--- The data Enclosed Below ---

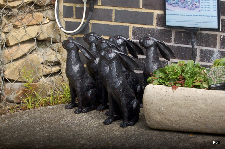 Kilka gadżetów ogrodowych ze sklepu przy jednym z pokazowych ogrodów RHS w Anglii... Jak zauwazyłam, w tym roku nie ma natłoku figurek drobiu, które królowały w poprzednich sezonach. Tematem przewodnim stały się żeliwne króliczki :mniam , choć i jakieś koguciska się znalazły wink-3
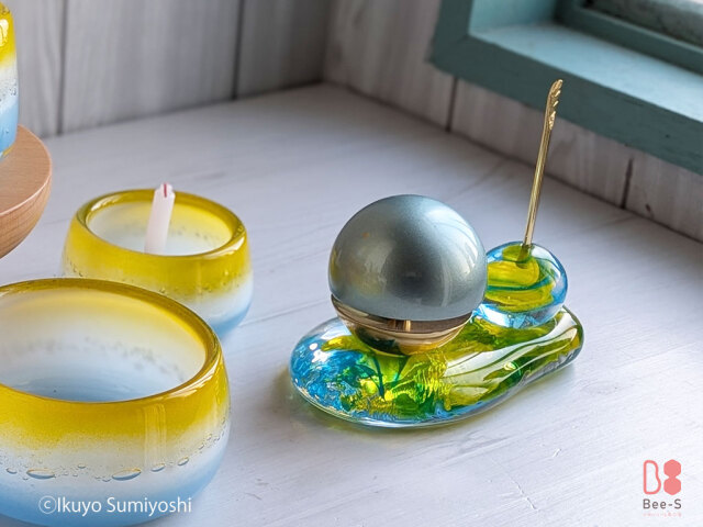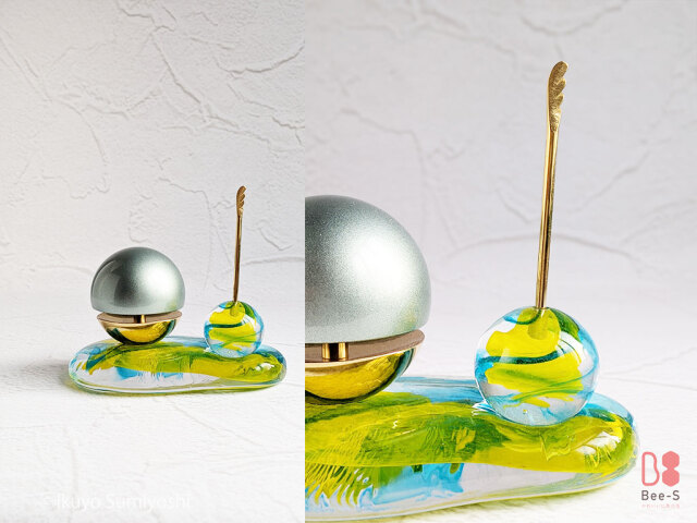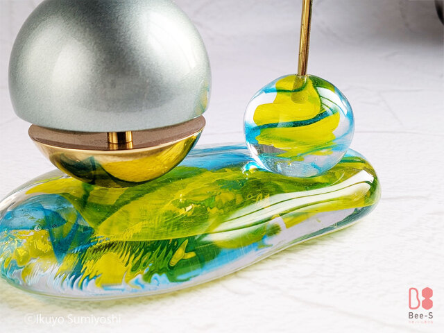 グッドデザイン賞を受賞した人気の「たまゆらりん」に、Bee-Sオリジナルの透明感あふれるガラスの台(ステージ)とりん棒を組み合わせました。
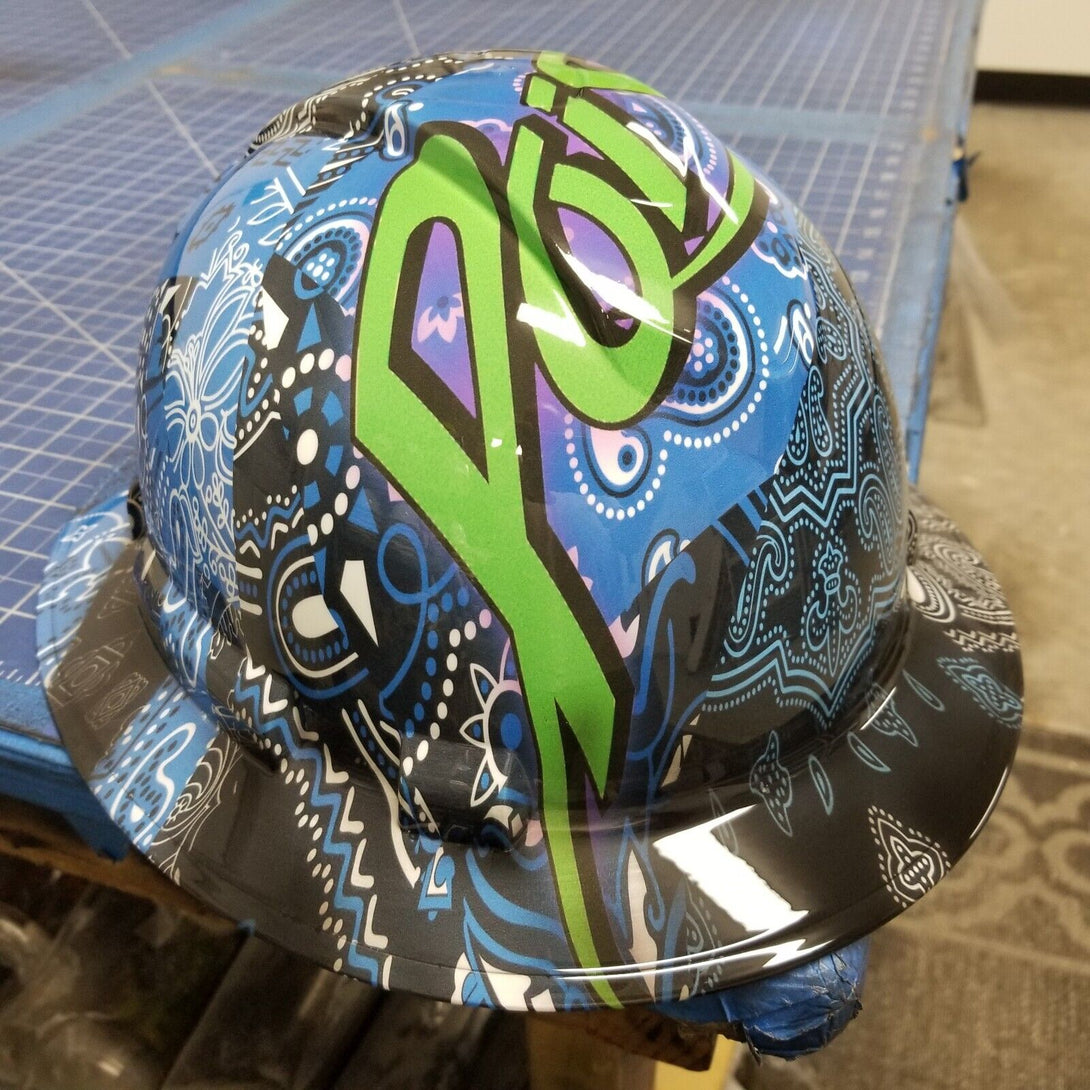 Hydro Blue Bandana w/ Poison Logo Item Description: WET WORKS IMAGING hydro dipped hard hat . That has been custom dipped in house wet works imaging is there only place this hard hat is found , premium printed and then clear coated for that mirror like shine you see in our photos . PLEASE COMPARE OUR SHINE TO THE MORE EXPENSIVE COMPETITION , THERE IS NO COMPARISON , GO COMPARE THEN COME BACK TO THE BEST PRICE , BEST SHINE , BEST HYDRO DIPPED HARD HAT ON THE INTERNET PERIOD . We are the only hydro dippers approved by the manufacturer to dip the Ridgeline hard hat . We meet stringent quality control guidelines that manufacturers demand , so you know you are getting a quality product . All Ridgeline hard hats that we sell are ANSI TYPE 1 CLASS C, G , AND E , OSHA APPROVED , and come with a fully adjustable swing and ratchet head gear that fits hat size 6 3/4 to 8. Padded rear section of head gear is a super nice touch not to mention the super soft replaceable front sweat band., the head gear is also fully adjustable front to back and up and down 2 different positions each and this is one of the lightest hard hats on the market coming in at under a pound WOW!!!!!!! This type of quality fit and finish and don't forget the PRICE . There's only one place to get all this .WET WORKS IMAGING . All of our hard hats comes with free shipping and the piece of mind you are getting the best in our opinion hard hat out there . All images will be as close to photos as possible , please bear in mind that hydro dipped hard hats are like finger prints two will look close but never the same . So yours will be unique to you and only you . All of our Ridgeline hard hats are direct bond to plastic application meaning no chance of the print lifting off of any of our hard hats , the clear coat may scratch but rest assured the print will not come off . WET WORKS IMAGING OFFERING UP TOP QUALITY CUSTOM HARD HATS AT A PRICE THAT CANT BE BEAT !!!!!!!!!
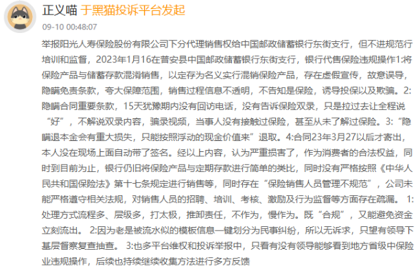 9月4日,有消费者在发起投诉时表示,2018-2019年被阳光人寿在不知情下购买9笔人生意外险,涉及金额7万多元,其援引相关监管规定,指阳光人寿勾结马上金融捆绑销售保险违规,要求无条件退保。9月10日,再次投诉,称阳光人寿在邮政储蓄银行东街支行的代销环节存在诸多问题,包括保险与储蓄混淆销售、虚假宣传、隐瞒合同条款、双录欺骗、合同延迟寄出且带非本人现场签名的自动签名等。
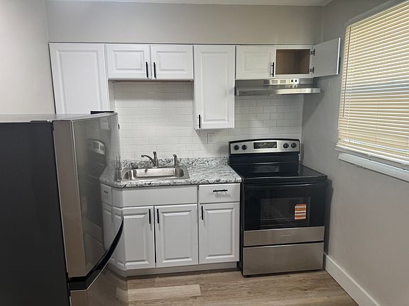 Fresh paintWhite shaker style cabinetsUpdated kitchenStainless steel appliancesRenovated homeNew flooring

--- End of Enclosed The data ---

Set the preceding data down again word for word, omitting images.

 Kilka gadżetów ogrodowych ze sklepu przy jednym z pokazowych ogrodów RHS w Anglii... Jak zauwazyłam, w tym roku nie ma natłoku figurek drobiu, które królowały w poprzednich sezonach. Tematem przewodnim stały się żeliwne króliczki :mniam , choć i jakieś koguciska się znalazły wink-3
 グッドデザイン賞を受賞した人気の「たまゆらりん」に、Bee-Sオリジナルの透明感あふれるガラスの台(ステージ)とりん棒を組み合わせました。
 Hydro Blue Bandana w/ Poison Logo Item Description: WET WORKS IMAGING hydro dipped hard hat . That has been custom dipped in house wet works imaging is there only place this hard hat is found , premium printed and then clear coated for that mirror like shine you see in our photos . PLEASE COMPARE OUR SHINE TO THE MORE EXPENSIVE COMPETITION , THERE IS NO COMPARISON , GO COMPARE THEN COME BACK TO THE BEST PRICE , BEST SHINE , BEST HYDRO DIPPED HARD HAT ON THE INTERNET PERIOD . We are the only hydro dippers approved by the manufacturer to dip the Ridgeline hard hat . We meet stringent quality control guidelines that manufacturers demand , so you know you are getting a quality product . All Ridgeline hard hats that we sell are ANSI TYPE 1 CLASS C, G , AND E , OSHA APPROVED , and come with a fully adjustable swing and ratchet head gear that fits hat size 6 3/4 to 8. Padded rear section of head gear is a super nice touch not to mention the super soft replaceable front sweat band., the head gear is also fully adjustable front to back and up and down 2 different positions each and this is one of the lightest hard hats on the market coming in at under a pound WOW!!!!!!! This type of quality fit and finish and don't forget the PRICE . There's only one place to get all this .WET WORKS IMAGING . All of our hard hats comes with free shipping and the piece of mind you are getting the best in our opinion hard hat out there . All images will be as close to photos as possible , please bear in mind that hydro dipped hard hats are like finger prints two will look close but never the same . So yours will be unique to you and only you . All of our Ridgeline hard hats are direct bond to plastic application meaning no chance of the print lifting off of any of our hard hats , the clear coat may scratch but rest assured the print will not come off . WET WORKS IMAGING OFFERING UP TOP QUALITY CUSTOM HARD HATS AT A PRICE THAT CANT BE BEAT !!!!!!!!!
 9月4日,有消费者在发起投诉时表示,2018-2019年被阳光人寿在不知情下购买9笔人生意外险,涉及金额7万多元,其援引相关监管规定,指阳光人寿勾结马上金融捆绑销售保险违规,要求无条件退保。9月10日,再次投诉,称阳光人寿在邮政储蓄银行东街支行的代销环节存在诸多问题,包括保险与储蓄混淆销售、虚假宣传、隐瞒合同条款、双录欺骗、合同延迟寄出且带非本人现场签名的自动签名等。
 Fresh paintWhite shaker style cabinetsUpdated kitchenStainless steel appliancesRenovated homeNew flooring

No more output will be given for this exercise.